XMPP-Extensible Messaging and Presence Protocol: SOAP and REST get closer company

XMPP has been getting a fair share of attention for solving issues related to applications designed around services. Here we'll take a look at XMPP's origins, its primary technical concepts and how its initial area of influence has expanded toward more general purpose 'cloud' computing scenarios related to scaling.

XMPP has been getting a fair share of attention for solving issues related to applications designed around services. Here we'll take a look at XMPP's origins, its primary technical concepts and how its initial area of influence has expanded toward more general purpose 'cloud' computing scenarios related to scaling.

Originally conceived under the name Jabber and targeted at instant messaging applications, the approach set forth by Jabber has led to the creation of XMPP which is now an IETF standard -- RFC-3920 -- supported by various other XMPP extensions .

At its core, XMPP is defined as a streaming protocol that makes it possible to exchange XML fragments between any two network endpoints. Now, exchanging XML fragments between two network end points is not a novel idea, in fact it is what Web services designed around SOAP and REST principles already do. So why is XMPP different ? It's all in the XML fragment payload.

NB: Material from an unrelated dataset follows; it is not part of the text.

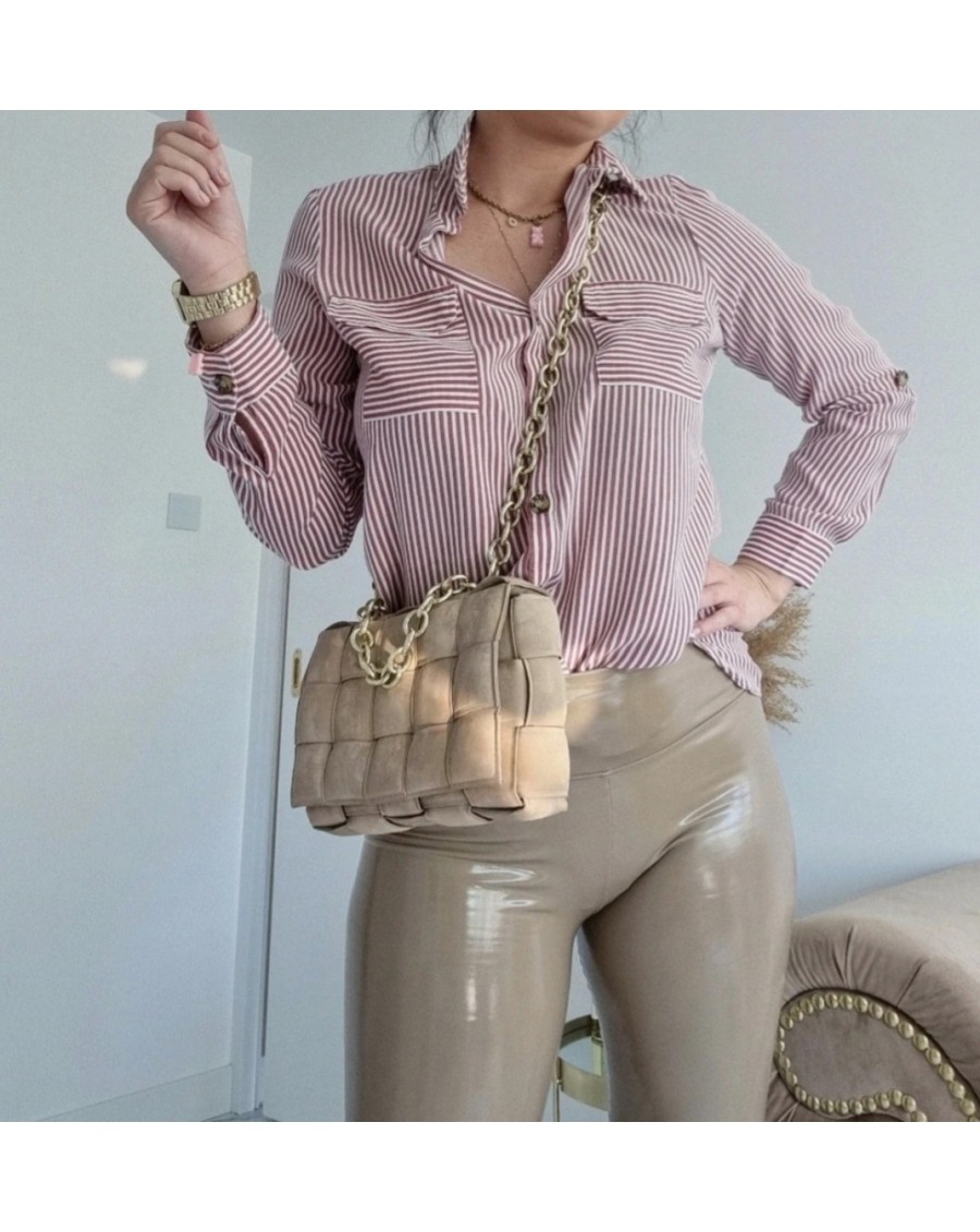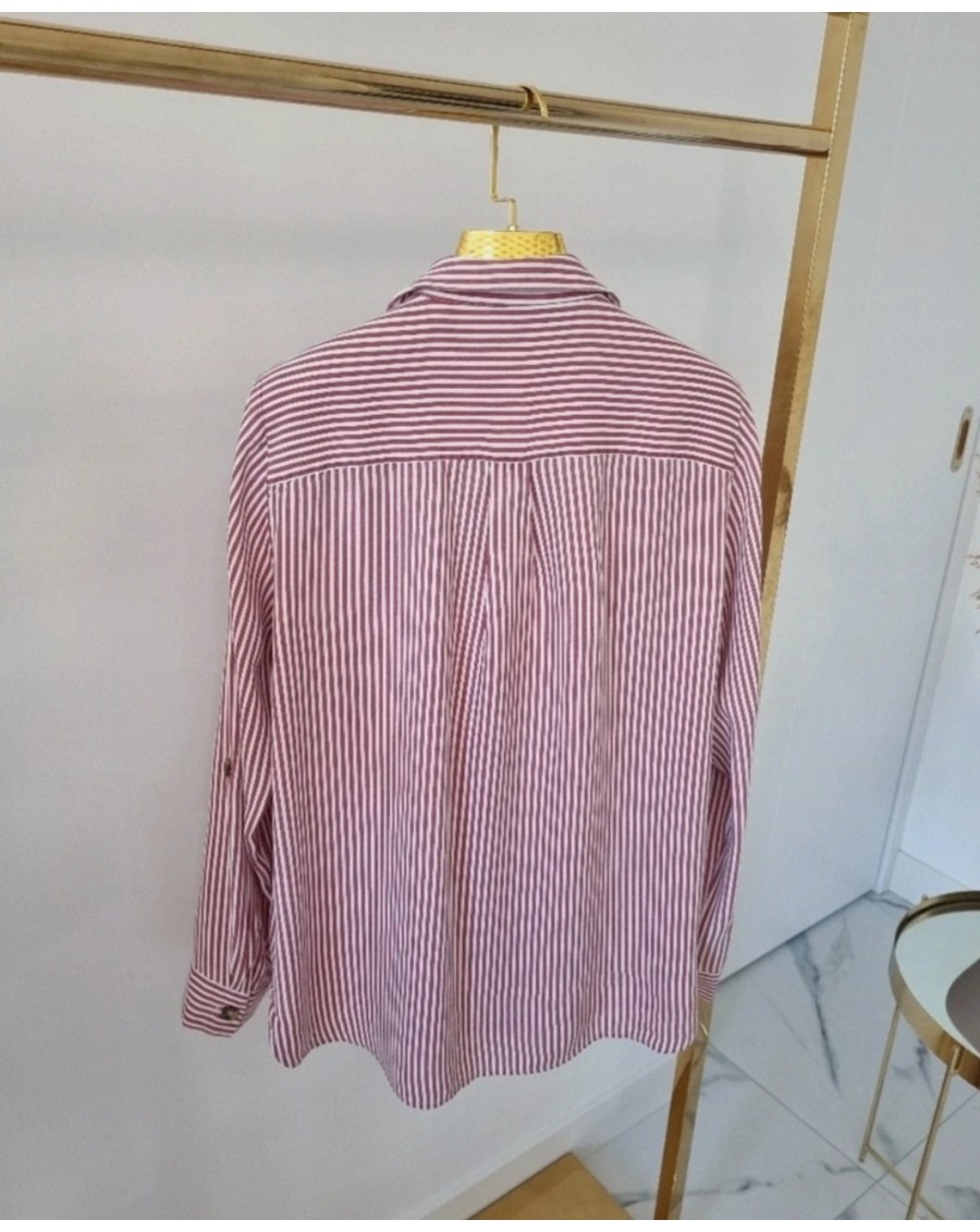 Ta koszula na guziki z kołnierzykiem i paskami jest idealnym wyborem dla kobiet. Paski na koszuli dodają jej eleganckiego charakteru i sprawiają, że wygląda stylowo. Można ją łączyć z różnymi rodzajami spodni lub spódnic, tworząc różnorodne stylizacje. Jest to klasyczny element garderoby, który nigdy nie wychodzi z mody.

Whereas XML fragments used in SOAP-type services are provisioned with many WS-*/SOAP specific payloads to guarantee the many features required in enterprise services -- such as security and reliability -- and REST type services can be considered open-ended since they don't require any specific XML provision, XMPP uses specific payloads a'la SOAP to guarantee its primary feature as a real-time communication transport is achieved. Listing 1.1 shows a very basic XML fragment used in an XMPP exchange.

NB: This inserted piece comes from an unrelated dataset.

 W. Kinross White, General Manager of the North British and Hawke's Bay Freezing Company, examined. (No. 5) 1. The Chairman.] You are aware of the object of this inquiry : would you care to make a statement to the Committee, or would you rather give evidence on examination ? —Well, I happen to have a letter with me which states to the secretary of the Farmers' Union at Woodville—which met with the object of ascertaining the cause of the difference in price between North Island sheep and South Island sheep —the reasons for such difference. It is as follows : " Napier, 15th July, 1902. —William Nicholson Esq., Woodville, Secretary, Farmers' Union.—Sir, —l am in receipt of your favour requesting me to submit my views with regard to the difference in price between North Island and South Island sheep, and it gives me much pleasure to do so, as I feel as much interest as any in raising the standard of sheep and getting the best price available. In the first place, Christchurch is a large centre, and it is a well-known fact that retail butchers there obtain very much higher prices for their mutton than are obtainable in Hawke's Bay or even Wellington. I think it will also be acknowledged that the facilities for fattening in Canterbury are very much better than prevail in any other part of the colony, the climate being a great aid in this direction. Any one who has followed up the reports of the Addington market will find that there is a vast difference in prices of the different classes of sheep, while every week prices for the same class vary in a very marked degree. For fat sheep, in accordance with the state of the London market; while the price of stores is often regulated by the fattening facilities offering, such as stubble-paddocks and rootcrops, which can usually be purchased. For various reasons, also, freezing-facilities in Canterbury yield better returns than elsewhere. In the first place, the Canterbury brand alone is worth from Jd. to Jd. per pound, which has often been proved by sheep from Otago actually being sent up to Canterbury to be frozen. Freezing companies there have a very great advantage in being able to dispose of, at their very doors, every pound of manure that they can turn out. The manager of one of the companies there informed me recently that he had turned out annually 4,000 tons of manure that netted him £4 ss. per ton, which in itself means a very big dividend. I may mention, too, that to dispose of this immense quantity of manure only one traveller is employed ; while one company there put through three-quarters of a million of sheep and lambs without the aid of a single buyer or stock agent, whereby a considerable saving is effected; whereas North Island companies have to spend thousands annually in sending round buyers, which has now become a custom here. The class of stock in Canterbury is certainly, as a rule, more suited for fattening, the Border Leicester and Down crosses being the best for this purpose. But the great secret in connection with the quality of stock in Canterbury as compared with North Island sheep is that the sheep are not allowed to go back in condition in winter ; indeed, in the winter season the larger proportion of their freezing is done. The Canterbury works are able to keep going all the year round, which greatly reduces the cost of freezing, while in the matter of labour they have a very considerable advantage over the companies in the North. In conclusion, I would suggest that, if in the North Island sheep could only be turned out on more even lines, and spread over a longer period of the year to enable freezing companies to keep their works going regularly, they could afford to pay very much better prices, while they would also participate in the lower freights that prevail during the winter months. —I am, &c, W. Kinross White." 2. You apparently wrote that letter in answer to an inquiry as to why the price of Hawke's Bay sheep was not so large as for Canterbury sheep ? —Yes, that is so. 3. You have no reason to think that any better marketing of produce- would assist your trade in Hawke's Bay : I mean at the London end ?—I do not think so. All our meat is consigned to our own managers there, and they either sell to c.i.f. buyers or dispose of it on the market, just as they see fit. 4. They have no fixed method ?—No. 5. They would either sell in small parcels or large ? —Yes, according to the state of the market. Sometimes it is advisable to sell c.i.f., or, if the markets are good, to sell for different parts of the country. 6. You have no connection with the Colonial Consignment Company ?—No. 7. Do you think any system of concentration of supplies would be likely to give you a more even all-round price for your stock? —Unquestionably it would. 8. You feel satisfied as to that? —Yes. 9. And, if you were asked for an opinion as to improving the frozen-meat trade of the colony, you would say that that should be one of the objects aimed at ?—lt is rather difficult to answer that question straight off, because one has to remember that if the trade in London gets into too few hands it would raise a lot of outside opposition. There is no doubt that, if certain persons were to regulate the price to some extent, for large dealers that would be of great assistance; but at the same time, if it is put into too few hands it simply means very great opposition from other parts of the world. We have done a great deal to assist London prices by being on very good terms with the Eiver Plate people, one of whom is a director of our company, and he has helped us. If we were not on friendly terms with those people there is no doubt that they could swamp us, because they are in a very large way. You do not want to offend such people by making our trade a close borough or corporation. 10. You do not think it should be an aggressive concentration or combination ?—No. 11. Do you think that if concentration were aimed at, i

Listing 1.1 XMPP XML payload

<?xml version='1.0'?>
   <stream:stream
       from='example.com'
       id='someid'
       xmlns='jabber:client'
       xmlns:stream='http://etherx.jabber.org/streams'
       version='1.0'>
   <!-- Encryption, Authentication, and Resource binding ommited --> 
   <message from='juliet@example.com'
              to='romeo@example.net'
              xml:lang='en'>
     <body>Art thou not Romeo, and a Montague?</body>
   </message>
   <message from='romeo@example.net'
              to='juliet@example.com'
              xml:lang='en'>
     <body>Neither, fair saint, if either thee dislike.</body>
   </message>
 </stream:stream>
</stream:stream>

Reference http://www.xmpp.org/rfcs/rfc3920.html#streams
(End Listing 1.1)

This last XML fragment contains an XML Stream and XML Stanza, which are the primary building blocks behind XMPP. An XML stream is simply a container or envelope for the exchange of XML elements between any two entities over a network, whereas an XML stanza refers to the bulk of the message being exchanged. The elements presented here are just a sample of XMPP's elements, for the standard sets forth elements to deal with things like Transport Layer Security (TLS) and error management, not to mention XMPP's extensions cover over 100 supplemental areas related to messaging.

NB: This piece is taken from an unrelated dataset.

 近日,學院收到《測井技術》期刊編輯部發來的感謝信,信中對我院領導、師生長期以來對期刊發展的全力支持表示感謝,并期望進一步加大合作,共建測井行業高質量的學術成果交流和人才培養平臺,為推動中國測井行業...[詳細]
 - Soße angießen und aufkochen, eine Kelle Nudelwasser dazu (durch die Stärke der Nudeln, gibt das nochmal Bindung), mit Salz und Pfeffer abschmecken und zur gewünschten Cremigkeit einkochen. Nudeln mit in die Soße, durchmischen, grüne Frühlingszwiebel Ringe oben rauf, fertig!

If you're familiar with services based on SOAP, XMPP's principles are strikingly similar. Both use their own addressing scheme, they both use envelopes to indicate communication behavior, and they both rely on standardized XML elements to further specify the purpose of an exchange. Similarly though, XMPP also requires that both a server and client be capable of processing and implementing the behavior expressed in such payloads.

In this area, you can find a wealth of clients and servers that support XMPP, including libraries for as much as 15 languages to integrate XMPP directly into your applications.

Still one important question remains, why has XMPP started getting more attention with presentations like Beyond REST: XMPP PubSub? And why is it being tested in applications that have nothing do with instant messaging? To answer this, its necessary to take a brief detour into other trends that have become more popular in 'cloud' computing.

In a stateless medium, like the Web that operates on HTTP, and in which client and server need to constantly re-identify themselves via cookies or some other mechanism, the appearance of techniques like Ajax and publication formats like RSS data feeds have only put increasing pressure on scalability issues.

Approaches like Ajax and RSS data feeds based on REST principles tend to be 'update hungry', placing an increasing strain on servers if a certain user base is attained or if update intervals are too short. These constant update requests from client to server -- which are often resolved through polling -- have given way to more instant messaging like approaches, in which information is pushed to a client without the need for it to constantly and often unnecessarily make update requests -- see Comet for more information on this trend.

In XMPP's case, since its many XML elements support precisely real-time communication, such behaviour is often far superior in the face of 'update hungry' designs than using the simpler yet 'dumber' REST approach. Though the introduction of XMPP into an application can make it more elaborate, doing so can also make it more robust, making it capable of taking advantage of techniques like publish/subscribe mechanism and other instant messaging like features that are missing in the more predominant REST and SOAP approaches used to build services.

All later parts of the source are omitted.